» **Try it**: Reproduce, exactly and in full, the lines from the one with "2. Insert the" through the one with "Aan de voorzijde" in the data below; drop pictures.

» **Records to use**:
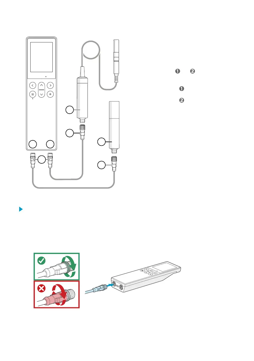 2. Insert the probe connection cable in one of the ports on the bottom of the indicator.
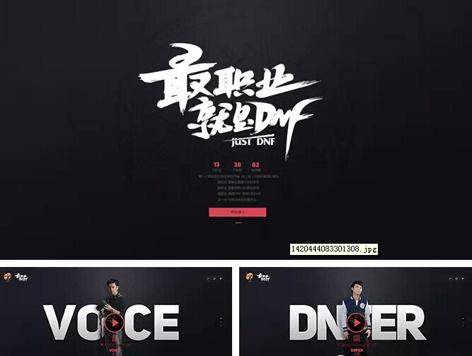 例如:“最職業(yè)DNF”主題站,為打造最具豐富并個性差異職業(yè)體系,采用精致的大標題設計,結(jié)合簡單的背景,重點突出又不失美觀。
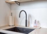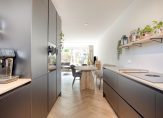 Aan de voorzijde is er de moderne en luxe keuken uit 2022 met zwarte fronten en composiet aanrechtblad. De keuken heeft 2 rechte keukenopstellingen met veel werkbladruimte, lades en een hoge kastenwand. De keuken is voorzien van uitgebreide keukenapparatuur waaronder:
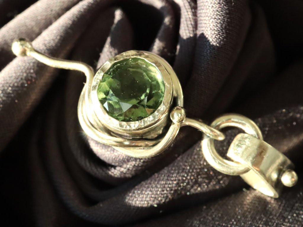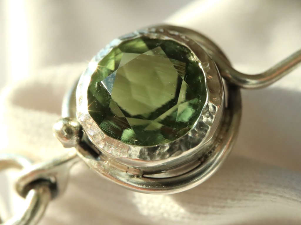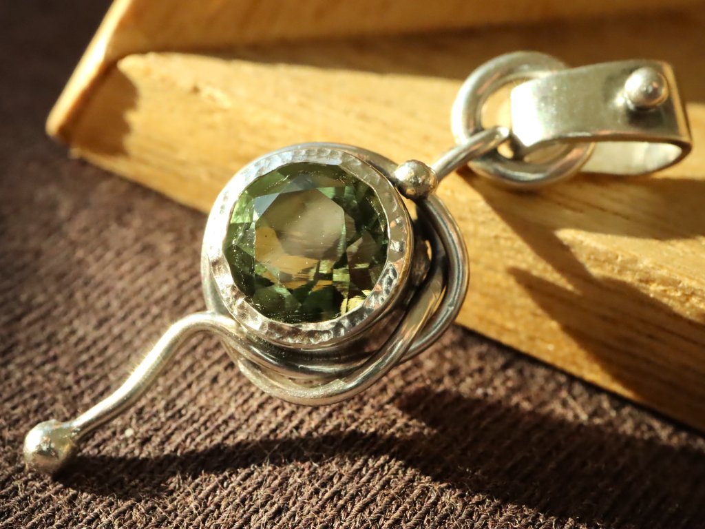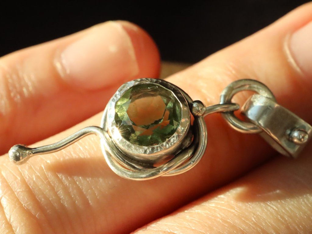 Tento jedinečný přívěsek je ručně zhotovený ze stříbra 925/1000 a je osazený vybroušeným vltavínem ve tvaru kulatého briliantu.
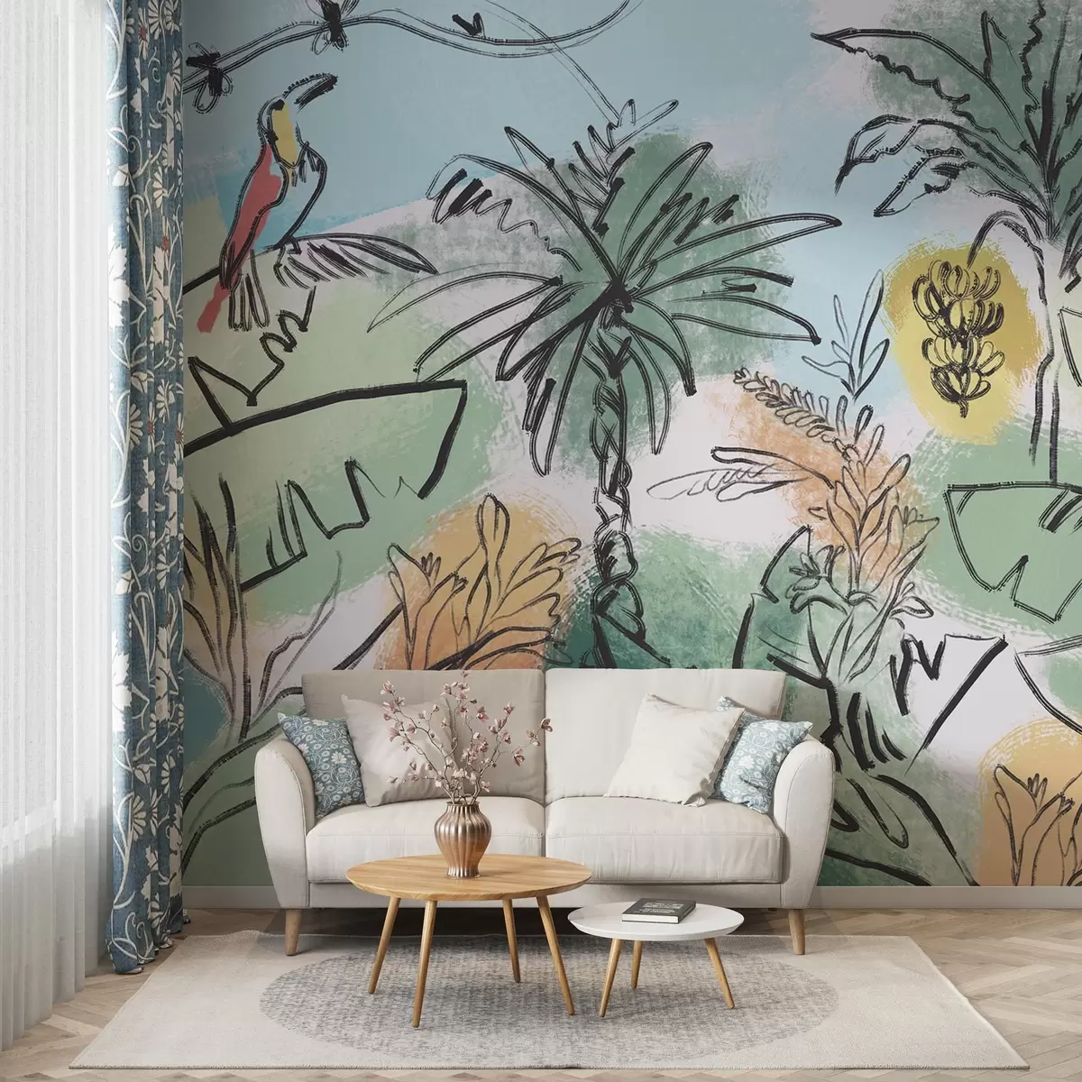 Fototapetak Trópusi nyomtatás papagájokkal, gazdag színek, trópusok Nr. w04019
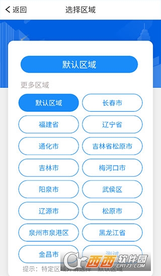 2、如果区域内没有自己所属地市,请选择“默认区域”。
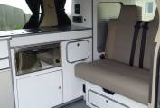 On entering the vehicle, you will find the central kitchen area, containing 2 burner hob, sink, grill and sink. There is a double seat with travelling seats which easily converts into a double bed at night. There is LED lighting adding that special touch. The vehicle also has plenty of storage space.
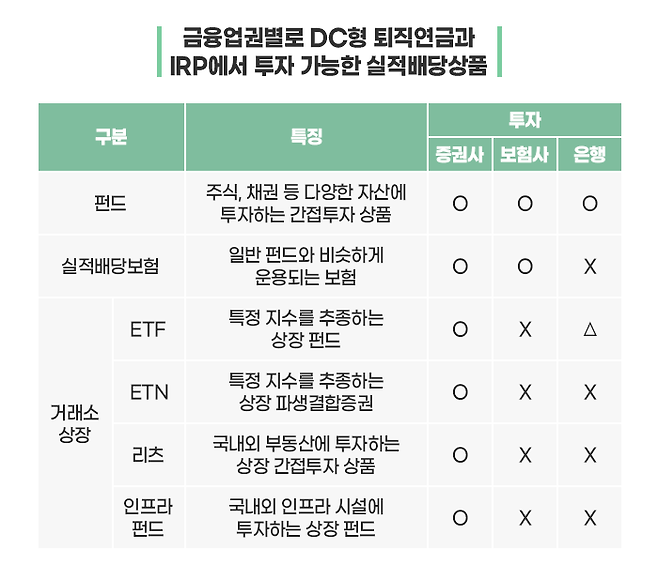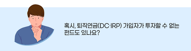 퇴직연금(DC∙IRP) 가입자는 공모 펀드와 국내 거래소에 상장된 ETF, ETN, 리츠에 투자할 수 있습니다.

==

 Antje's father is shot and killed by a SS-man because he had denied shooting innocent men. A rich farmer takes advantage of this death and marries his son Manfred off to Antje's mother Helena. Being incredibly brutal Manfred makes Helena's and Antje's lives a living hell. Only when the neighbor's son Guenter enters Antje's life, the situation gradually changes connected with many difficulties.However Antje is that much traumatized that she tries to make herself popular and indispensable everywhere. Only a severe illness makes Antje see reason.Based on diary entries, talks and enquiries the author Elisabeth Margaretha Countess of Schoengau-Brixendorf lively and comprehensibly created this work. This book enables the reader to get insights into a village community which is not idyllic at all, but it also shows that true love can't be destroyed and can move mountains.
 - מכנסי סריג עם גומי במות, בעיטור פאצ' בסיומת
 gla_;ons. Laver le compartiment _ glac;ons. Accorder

* * *

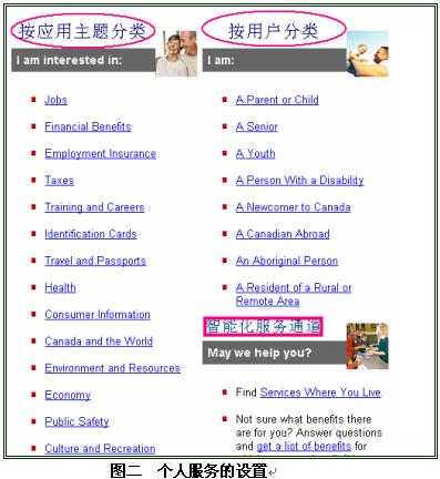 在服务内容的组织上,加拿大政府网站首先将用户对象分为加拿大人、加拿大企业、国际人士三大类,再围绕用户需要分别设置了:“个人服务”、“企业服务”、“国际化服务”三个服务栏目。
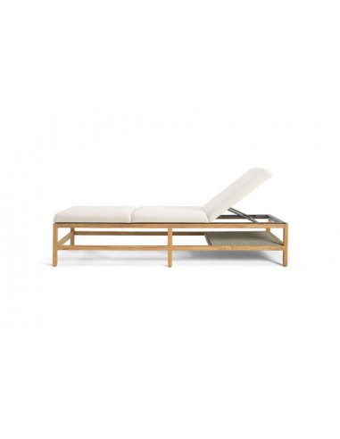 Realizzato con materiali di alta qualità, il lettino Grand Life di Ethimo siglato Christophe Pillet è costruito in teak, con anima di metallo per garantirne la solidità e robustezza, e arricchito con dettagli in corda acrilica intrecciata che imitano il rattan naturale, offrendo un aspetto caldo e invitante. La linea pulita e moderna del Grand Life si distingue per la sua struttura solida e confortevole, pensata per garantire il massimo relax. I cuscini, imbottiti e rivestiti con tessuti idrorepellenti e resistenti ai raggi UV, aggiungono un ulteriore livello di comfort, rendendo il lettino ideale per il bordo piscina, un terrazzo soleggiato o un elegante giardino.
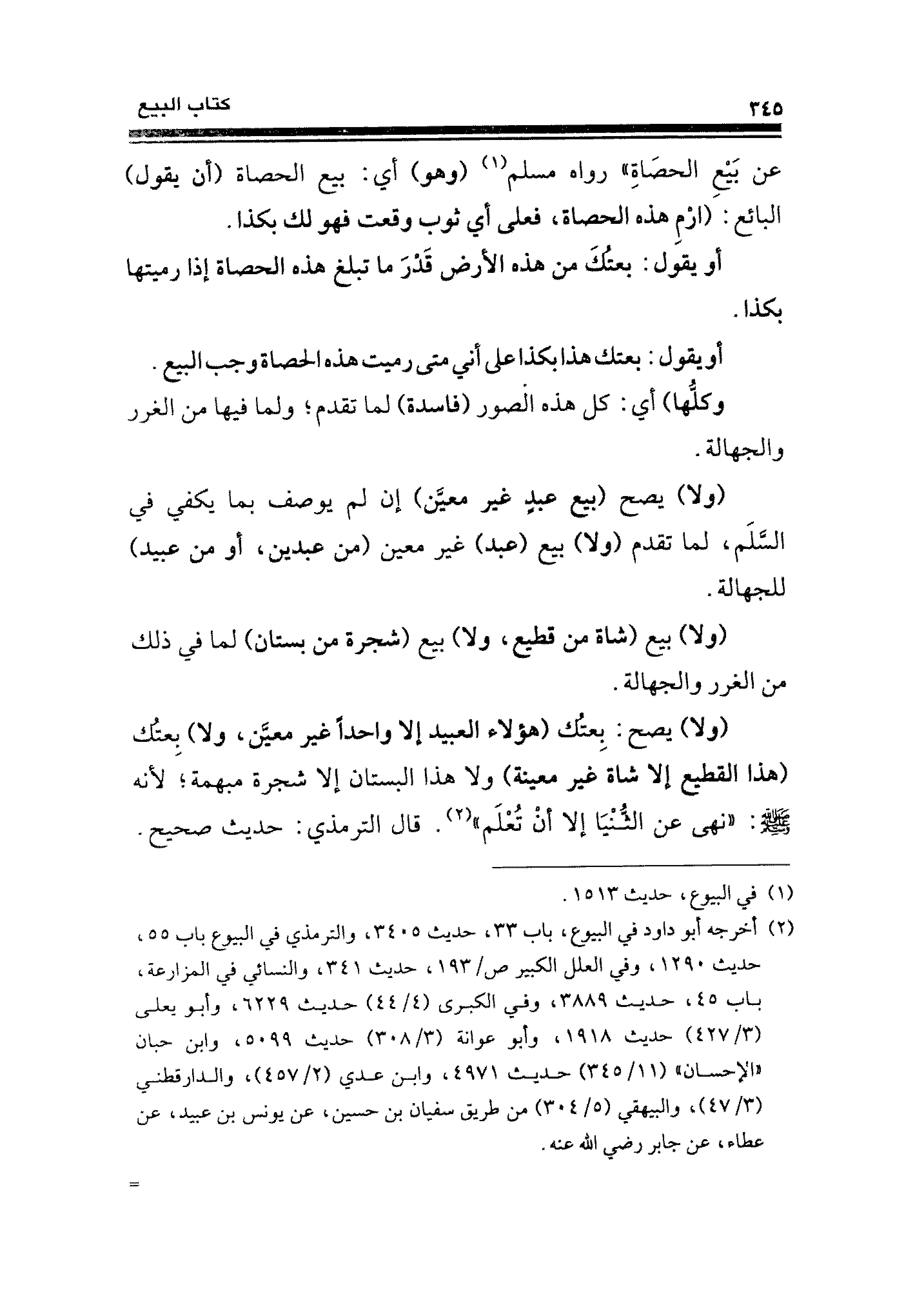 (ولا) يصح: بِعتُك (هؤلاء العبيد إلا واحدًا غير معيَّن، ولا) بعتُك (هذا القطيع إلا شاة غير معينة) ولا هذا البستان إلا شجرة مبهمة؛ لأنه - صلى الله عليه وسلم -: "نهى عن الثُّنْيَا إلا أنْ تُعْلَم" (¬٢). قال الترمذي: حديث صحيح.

» **Exercise output**:
 2. Insert the probe connection cable in one of the ports on the bottom of the indicator.
 例如:“最職業(yè)DNF”主題站,為打造最具豐富并個性差異職業(yè)體系,采用精致的大標題設計,結(jié)合簡單的背景,重點突出又不失美觀。
 Aan de voorzijde is er de moderne en luxe keuken uit 2022 met zwarte fronten en composiet aanrechtblad. De keuken heeft 2 rechte keukenopstellingen met veel werkbladruimte, lades en een hoge kastenwand. De keuken is voorzien van uitgebreide keukenapparatuur waaronder:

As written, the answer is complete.